(The input begins)

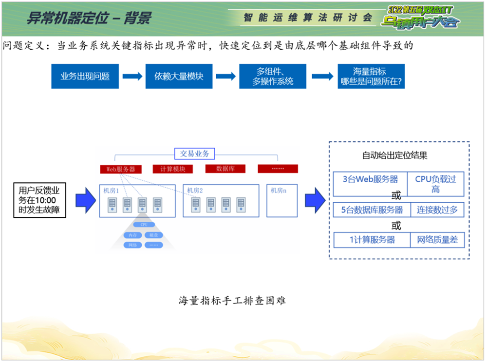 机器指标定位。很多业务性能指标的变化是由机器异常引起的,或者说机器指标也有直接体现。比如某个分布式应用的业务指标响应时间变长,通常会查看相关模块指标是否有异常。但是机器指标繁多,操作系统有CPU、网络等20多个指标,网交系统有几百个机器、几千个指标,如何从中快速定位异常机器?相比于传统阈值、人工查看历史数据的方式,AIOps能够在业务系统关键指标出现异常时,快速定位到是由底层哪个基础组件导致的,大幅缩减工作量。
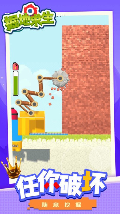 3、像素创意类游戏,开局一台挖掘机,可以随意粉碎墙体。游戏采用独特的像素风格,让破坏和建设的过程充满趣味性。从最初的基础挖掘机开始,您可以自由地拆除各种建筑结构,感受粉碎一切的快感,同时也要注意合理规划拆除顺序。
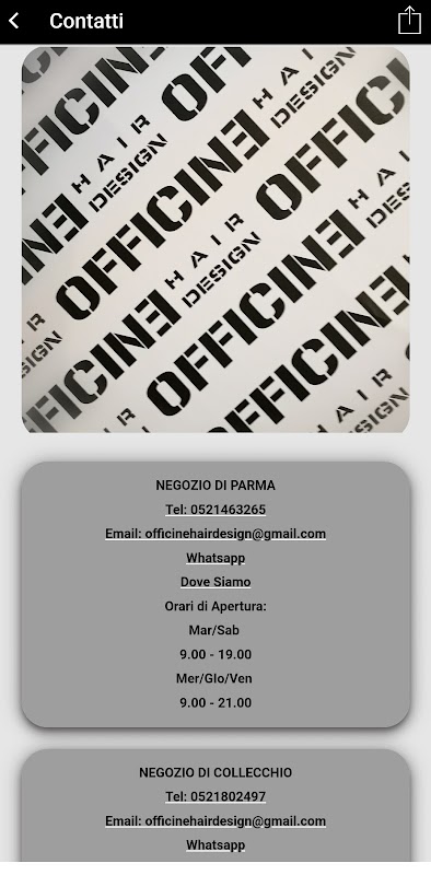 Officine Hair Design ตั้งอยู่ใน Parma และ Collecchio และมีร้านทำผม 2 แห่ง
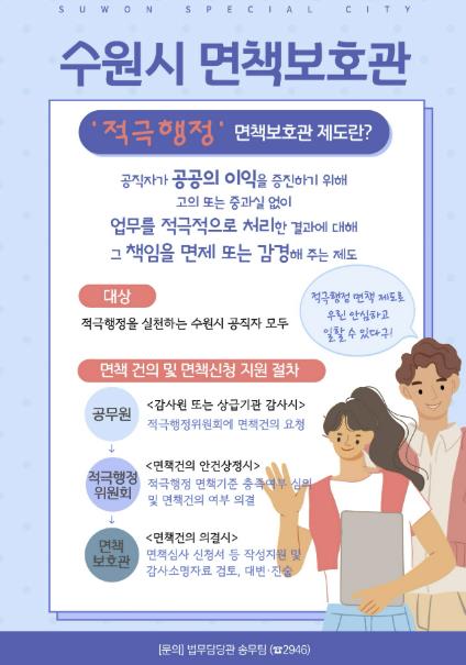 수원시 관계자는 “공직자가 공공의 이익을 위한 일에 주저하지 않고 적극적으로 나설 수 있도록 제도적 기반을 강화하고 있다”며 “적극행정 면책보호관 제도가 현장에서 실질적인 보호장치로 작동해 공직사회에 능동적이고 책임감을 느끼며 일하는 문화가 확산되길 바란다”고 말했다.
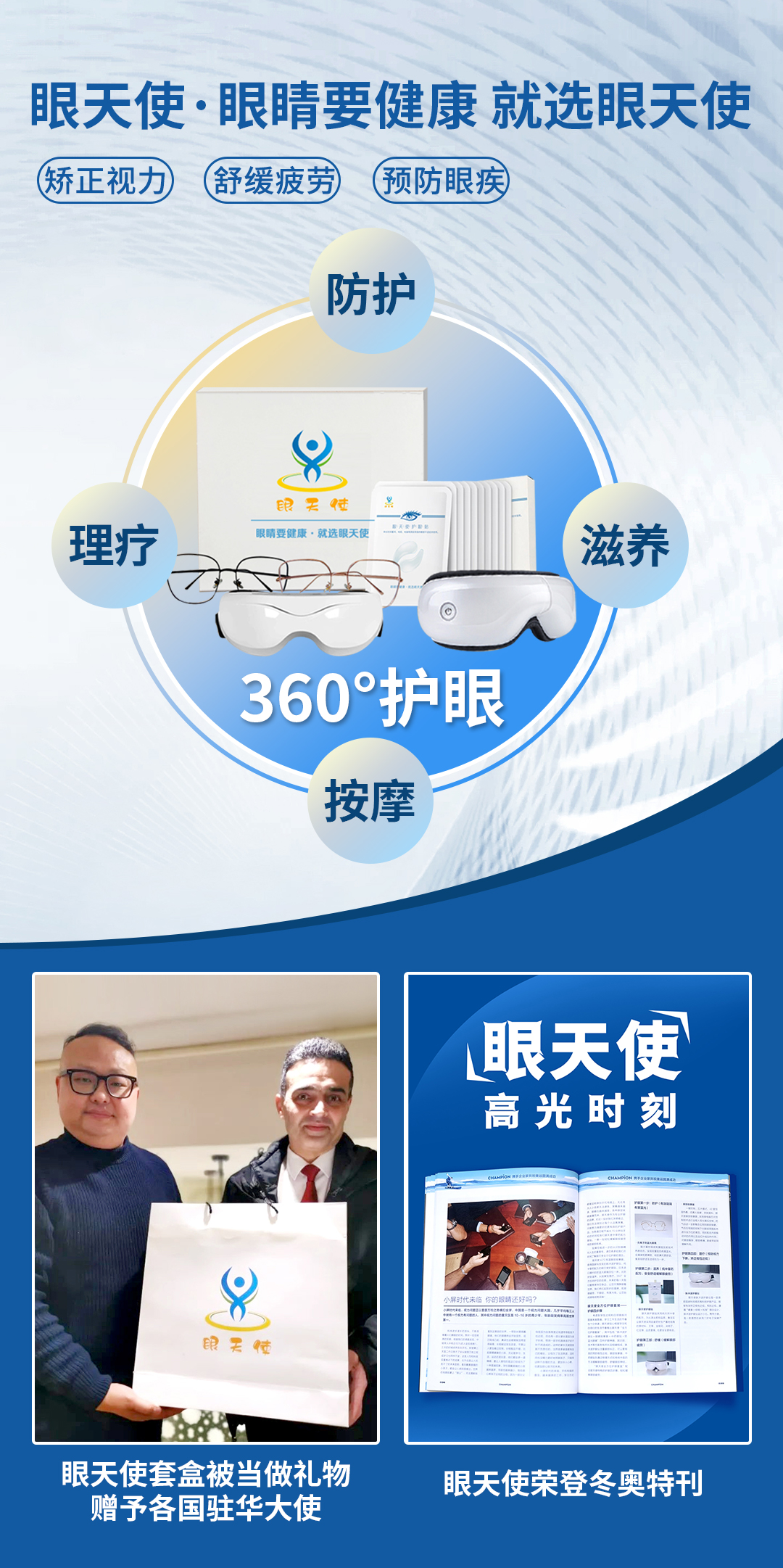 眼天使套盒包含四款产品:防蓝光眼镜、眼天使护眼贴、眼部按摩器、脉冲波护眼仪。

(The input ends)
(The input begins)

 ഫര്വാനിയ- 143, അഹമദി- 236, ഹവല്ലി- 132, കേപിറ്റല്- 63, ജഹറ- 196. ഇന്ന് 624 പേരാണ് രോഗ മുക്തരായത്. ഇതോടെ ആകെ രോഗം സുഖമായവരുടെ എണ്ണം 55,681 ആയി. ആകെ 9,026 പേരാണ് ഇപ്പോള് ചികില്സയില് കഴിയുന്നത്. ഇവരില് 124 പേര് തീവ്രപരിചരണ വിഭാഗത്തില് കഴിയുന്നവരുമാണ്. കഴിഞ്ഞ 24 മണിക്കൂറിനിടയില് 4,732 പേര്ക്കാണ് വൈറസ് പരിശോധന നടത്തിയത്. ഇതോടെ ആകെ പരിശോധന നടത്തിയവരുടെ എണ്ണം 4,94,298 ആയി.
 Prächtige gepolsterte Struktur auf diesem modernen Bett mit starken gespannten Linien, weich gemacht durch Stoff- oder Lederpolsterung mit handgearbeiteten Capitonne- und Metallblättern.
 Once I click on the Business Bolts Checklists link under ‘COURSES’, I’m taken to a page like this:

(The input ends)
(The input begins)

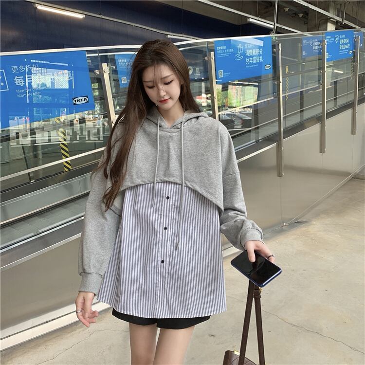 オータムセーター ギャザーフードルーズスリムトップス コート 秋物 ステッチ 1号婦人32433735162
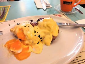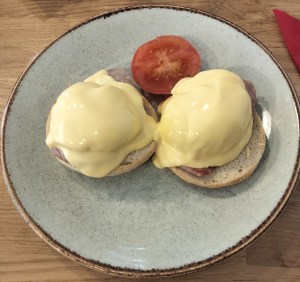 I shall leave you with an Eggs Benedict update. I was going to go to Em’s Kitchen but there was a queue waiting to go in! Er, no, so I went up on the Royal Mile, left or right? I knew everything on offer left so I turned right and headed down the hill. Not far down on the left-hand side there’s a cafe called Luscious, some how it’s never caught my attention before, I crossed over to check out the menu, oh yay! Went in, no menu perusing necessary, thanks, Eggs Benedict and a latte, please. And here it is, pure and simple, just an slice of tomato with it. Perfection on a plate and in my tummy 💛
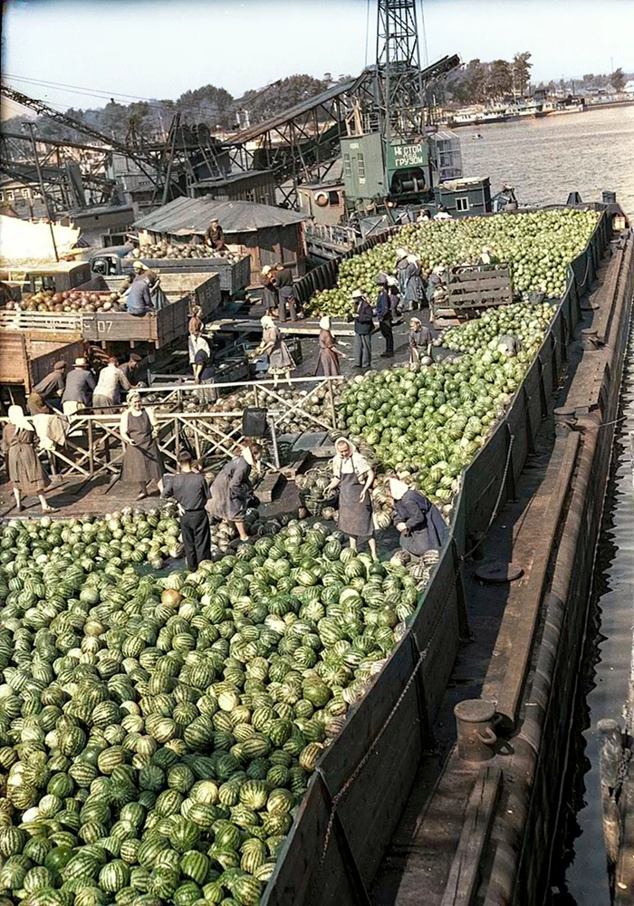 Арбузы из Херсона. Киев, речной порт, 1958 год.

(The input ends)

▶ **What this task involves**
Among the lines above, the one with "주저하지 않고 적극적으로" opens the part to repeat and the one with "眼天使套盒包含四款产品:防蓝光眼镜、眼天使护眼贴、眼部按摩器、脉冲波护眼仪。" closes it; repeat only that part exactly, with no pictures.

▶ **Result**
 수원시 관계자는 “공직자가 공공의 이익을 위한 일에 주저하지 않고 적극적으로 나설 수 있도록 제도적 기반을 강화하고 있다”며 “적극행정 면책보호관 제도가 현장에서 실질적인 보호장치로 작동해 공직사회에 능동적이고 책임감을 느끼며 일하는 문화가 확산되길 바란다”고 말했다.
 眼天使套盒包含四款产品:防蓝光眼镜、眼天使护眼贴、眼部按摩器、脉冲波护眼仪。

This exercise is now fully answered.